Start of COLLECTED MATERIAL
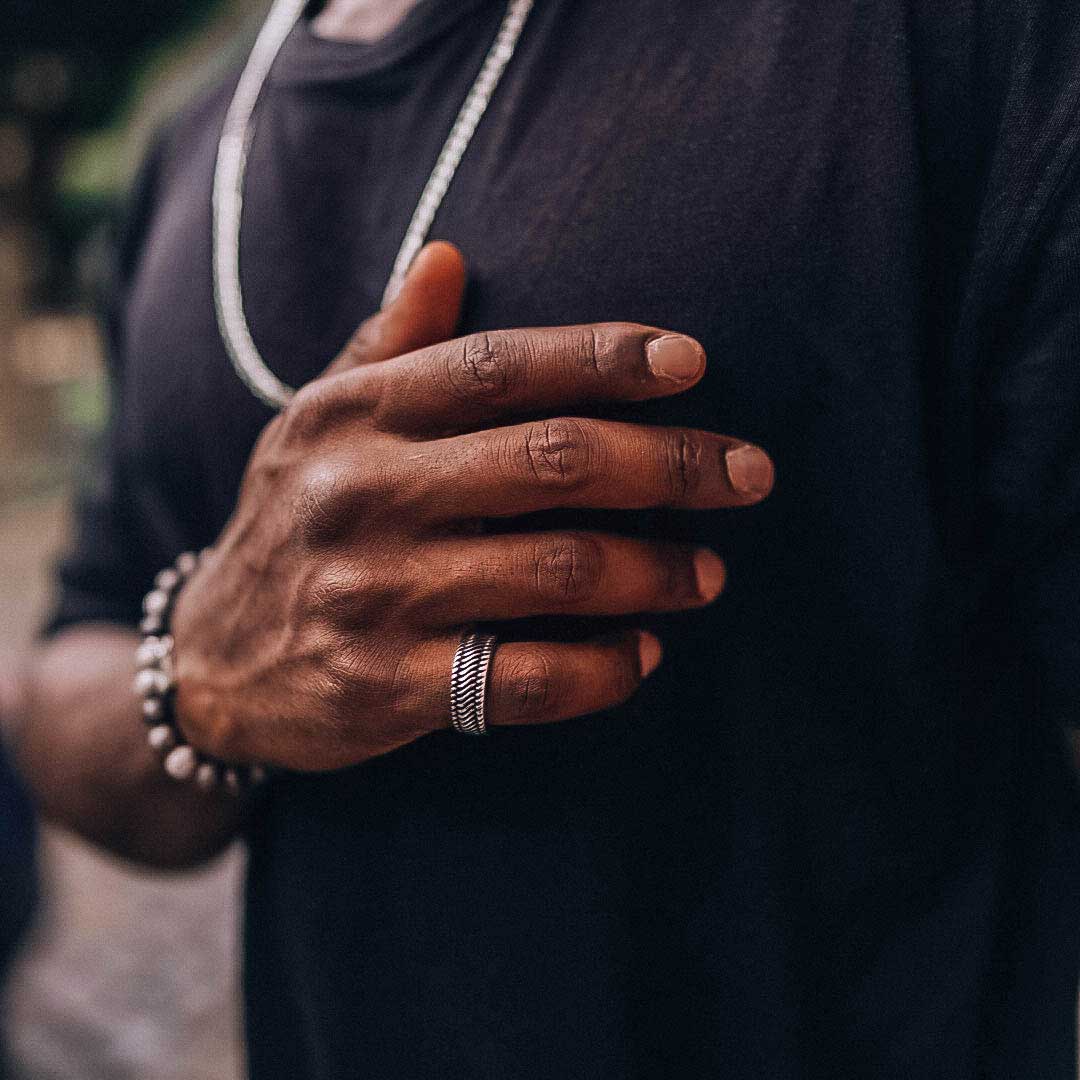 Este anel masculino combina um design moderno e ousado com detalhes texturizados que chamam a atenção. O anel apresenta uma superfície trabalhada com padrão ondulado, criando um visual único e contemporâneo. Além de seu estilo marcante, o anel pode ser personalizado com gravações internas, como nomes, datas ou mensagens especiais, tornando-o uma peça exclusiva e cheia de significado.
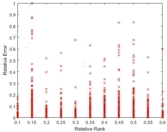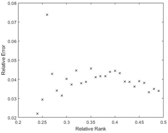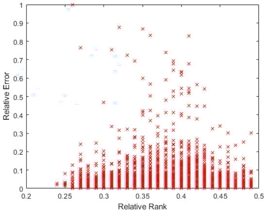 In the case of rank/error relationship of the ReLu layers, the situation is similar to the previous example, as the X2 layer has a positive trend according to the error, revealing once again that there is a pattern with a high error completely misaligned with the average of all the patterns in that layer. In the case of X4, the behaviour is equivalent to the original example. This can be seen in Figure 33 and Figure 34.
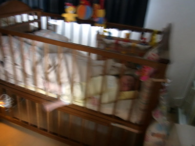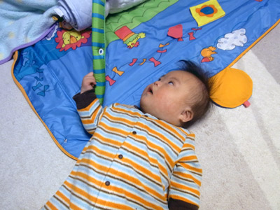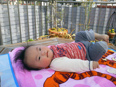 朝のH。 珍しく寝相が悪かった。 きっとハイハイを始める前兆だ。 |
End of COLLECTED MATERIAL
[EXERCISE DETAILS]: Leave out the pictures and repeat the remaining data exactly.

[RESPONSE FOR THIS EXERCISE]:
 Este anel masculino combina um design moderno e ousado com detalhes texturizados que chamam a atenção. O anel apresenta uma superfície trabalhada com padrão ondulado, criando um visual único e contemporâneo. Além de seu estilo marcante, o anel pode ser personalizado com gravações internas, como nomes, datas ou mensagens especiais, tornando-o uma peça exclusiva e cheia de significado.
 In the case of rank/error relationship of the ReLu layers, the situation is similar to the previous example, as the X2 layer has a positive trend according to the error, revealing once again that there is a pattern with a high error completely misaligned with the average of all the patterns in that layer. In the case of X4, the behaviour is equivalent to the original example. This can be seen in Figure 33 and Figure 34.
 朝のH。 珍しく寝相が悪かった。 きっとハイハイを始める前兆だ。 |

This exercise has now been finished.